Move to Idaho pays off years later, Lakeland senior says

Megan Rauvola was a month short of her ninth birthday when her parents moved from Southern California to Rathdrum.
“I told them ‘You are ruining my life,’” Rauvola said, smiling.
On a recent drive with her parents, Rauvola, a Lakeland High School senior, offered a belated apology.
“The 8-year-old me was wrong because it was the best thing you could have done for me,” Rauvola told them.
Her parents were planning retirement and they wanted to raise their youngest daughter in a less dog-eat-dog environment. They literally got out a map and picked out North Idaho.
Two years before moving, they spent a week in the Rathdrum area, scouting out land to build a home. A month before Rauvola was to start the fourth grade, the finishing touches on the home were completed and they moved.

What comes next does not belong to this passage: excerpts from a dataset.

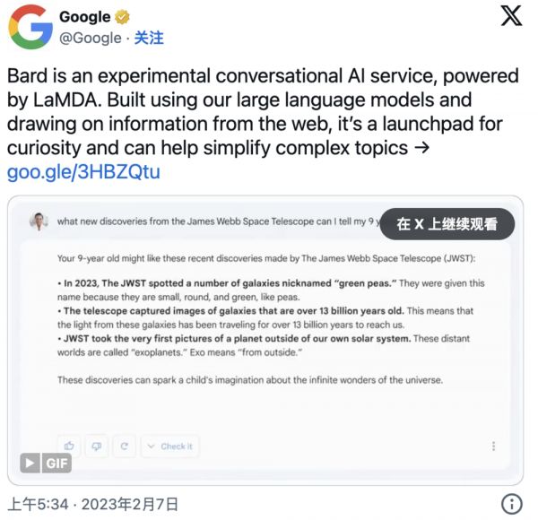 2023年2月,谷歌推出的Bard在一个广告中说,它可以为9岁的孩子讲述詹姆斯·韦布太空望远镜的科学新发现,然而在视频广告里,它却说错了(弄错了第一张系外行星的照片)。这波反向营销(?)直接让谷歌的母公司Alphabet市值下跌了1000亿美元。
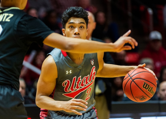 (Rick Egan | The Salt Lake Tribune) Utah Utes guard Sedrick Barefield (2) drives inside with the ball, in PAC-12 basketball action between the Utah Utes and the Colorado Buffaloes at the Jon M. Huntsman Center, Sunday, Jan. 20, 2019.
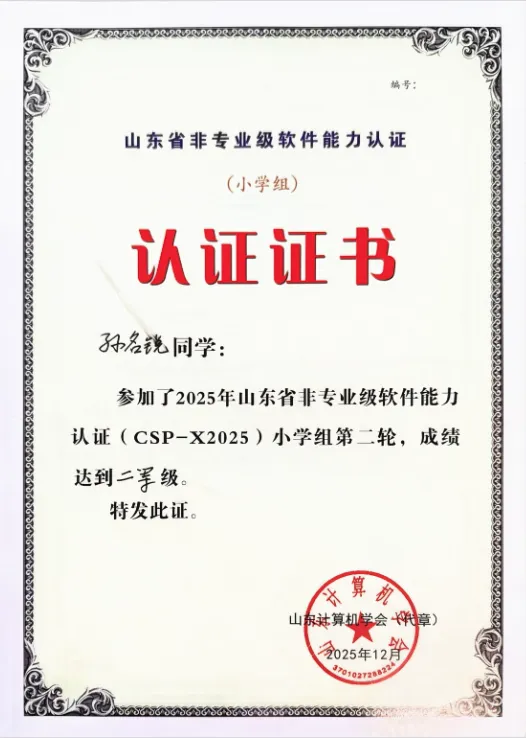 同时我校孙名锐同学进入2025年全国青少年信息学奥林匹克竞赛(NOI)省级赛区(复赛)并取得优异成绩。我校孙名锐同学凭借扎实的算法功底、出色的逻辑思维能力和稳定的临场发挥,在激烈的竞争中脱颖而出,荣获省级赛区二等奖的优异成绩。优异成绩的背后,是学子们的勤学不辍,更是学校深耕信息学教育、践行素质教育理念的生动体现。近年来,高新区第五小学高度重视科技创新教育,将信息学素养培养纳入特色育人体系,为热爱编程的学子搭建了全方位的成长平台。代码筑梦,未来可期。高新区第五小学此次在信息学奥赛中的亮眼表现,是学校特色教育成果的又一次集中展现。相信在优质教育生态的滋养下,五小学子将继续以热爱为帆、以坚持为桨,在科技创新的浪潮中勇攀高峰,书写更多精彩篇章!
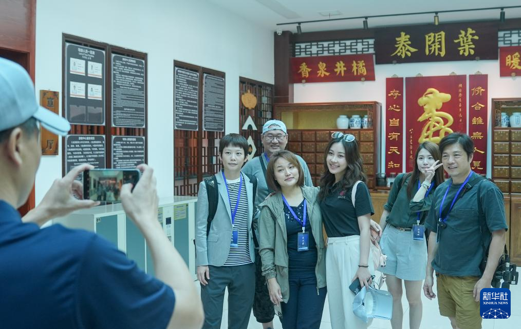 7月5日,在湖北省武汉市叶开泰中医药文化园,“海峡两岸媒体荆楚行”参访团成员合影留念。新华社记者 杜子璇 摄
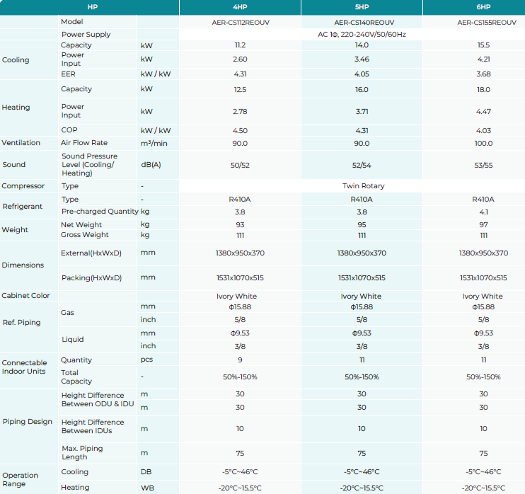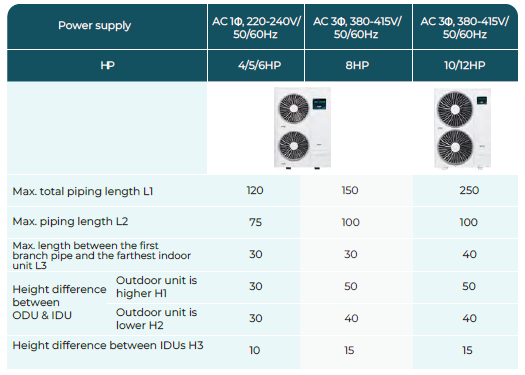 Increased piping length allows for flexible design and installation. Aerostar inverter technology and two-level cooling technology allows longer piping length and outstanding height ifferences.
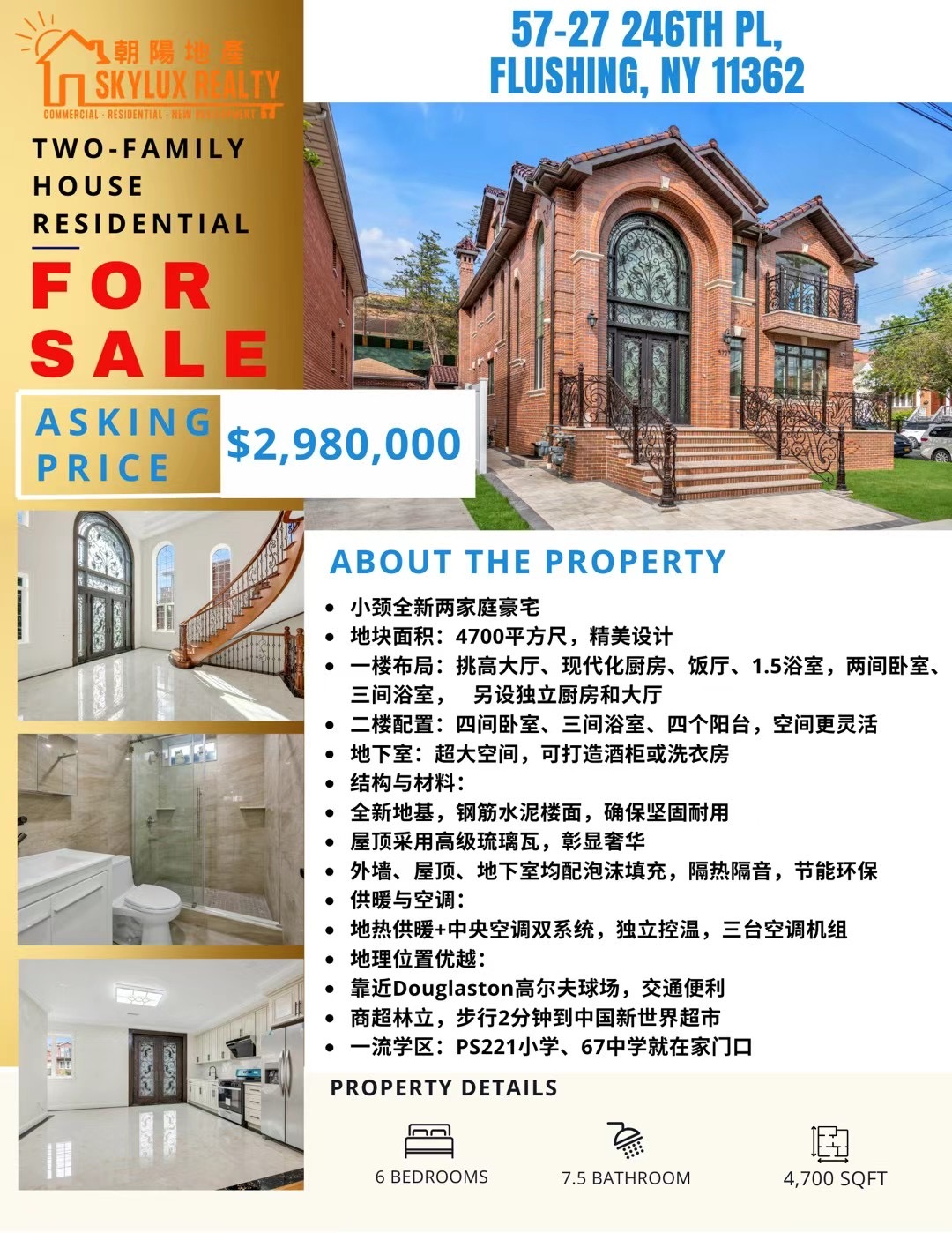 🔥位于小颈中心,位置极佳,周围豪宅耸立,环境优美,是最为安全漂亮的居住地,靠近Douglaston高尔夫球场。生活交通极其方便,各种商店、超市近在咫尺,2分钟到达中国新世界超市。
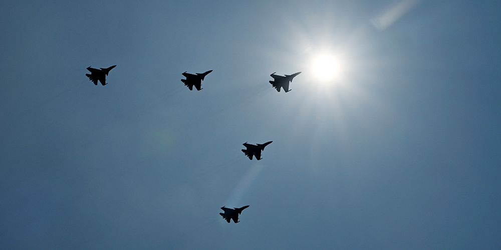 Caças embarcados sobrevoam a Praça Tian'anmen em desfile
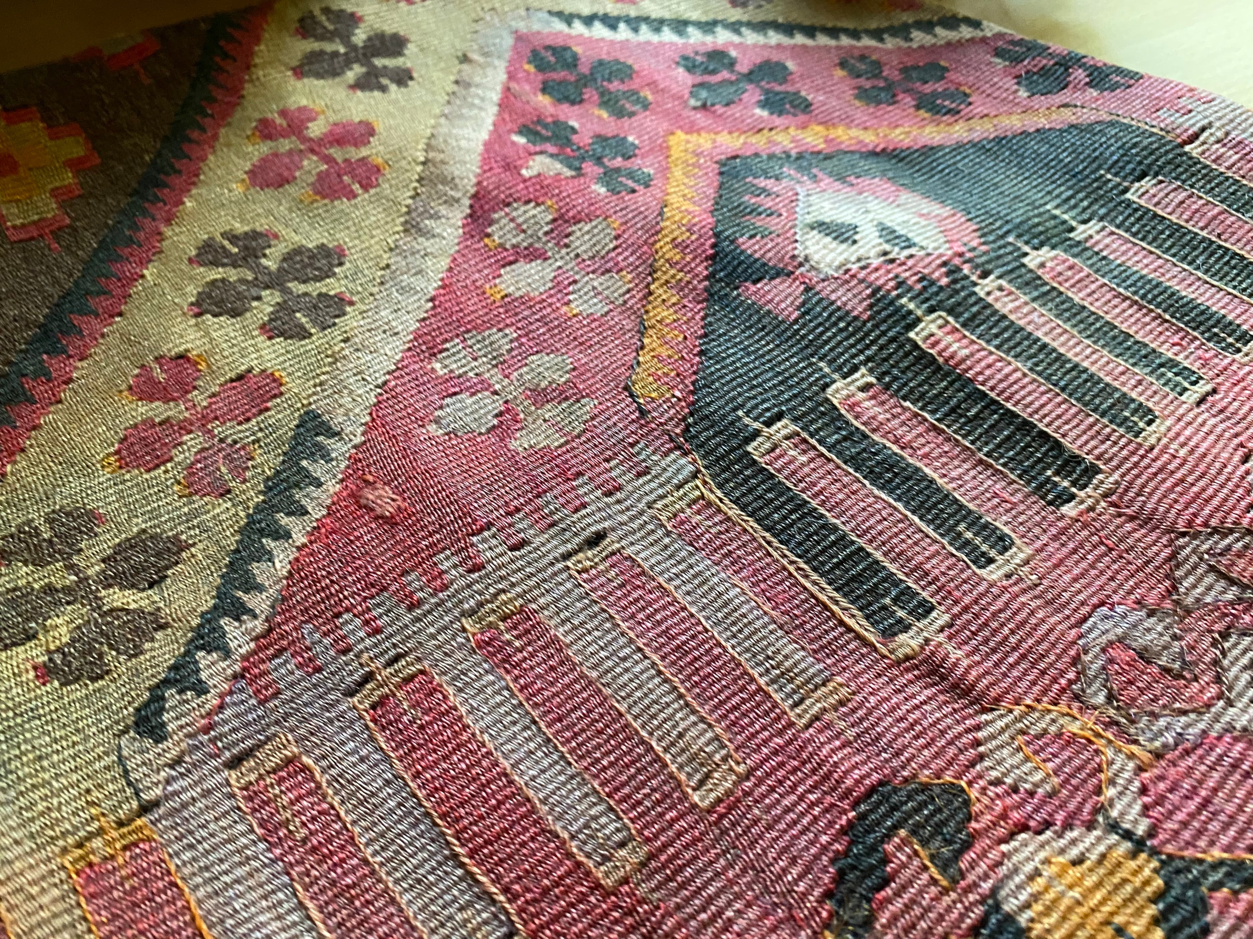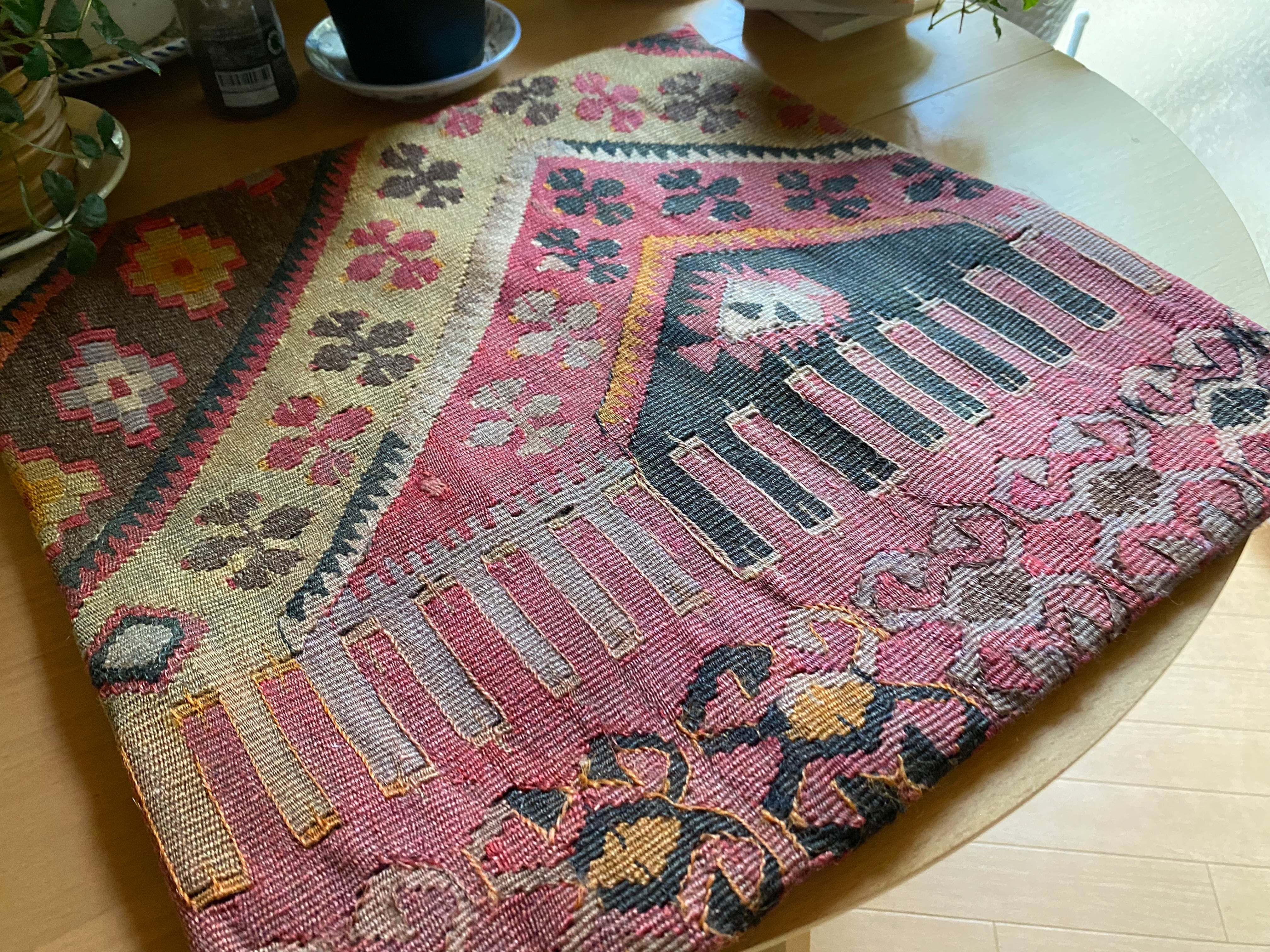 オールドキリム~アンティークキリムから作ったカバーには多少の色染みや、修理跡のあるもの、セミアンティークなどは縦糸 が見えているものもございます。

“They did it for me,” Rauvola said.
She doesn’t know what she may have missed out on in California, but it doesn’t matter. She’s had nothing short of a beautiful life in North Idaho.
Rauvola is a twin. Two daughters were born to her parents, but her sister died at 8 weeks old because of a noncancerous tumor in her brain.
Just before she started her junior year, Rauvola’s mother told her she wasn’t her biological daughter.
Her parents had married after divorces and wanted to have a child. But after a couple of miscarriages, her parents decided to try in-vitro fertilization using eggs from a donor.
“I wondered for a long time why I was the only one with brown eyes and everybody else had blue eyes,” Megan said.
She doesn’t know who her biological mother is but wants to find out.
“I plan to meet her so I can learn about my heritage,” she said.
Rauvola has a 4.0 grade-point average and ranks eighth in a senior class of 169.
She became the first Lakeland student to be a legislative page during the recent Idaho legislative session. She was a page for Sen. Bob Nonini (R).
Rauvola was lined up to go to Boise when she had second thoughts, so she talked with Lakeland principal Trent Derrick.
“He told me I was going through buyer’s remorse,” Rauvola said. “He said it would go really fast.”
She spent most of the third quarter in Boise, doing homework by correspondence during free time.
“I cannot believe it went as fast as it did,” she said. “I am so glad I went. It’s definitely the best experience I’ve had my entire high school career.”
“She has a way of coming into a space and making it brighter,” Derrick said.
Something else Derrick said to Rauvola will stay with her the rest of her life.
“It’s going to be my life motto – when you’re out of your comfort zone is where you grow the most.”
Rauvola plans to attend the University of Providence in Great Falls, Montana, where she wants to play soccer.
She plans to major in biology and minor in political science. She hopes to be a pediatric anesthesiologist.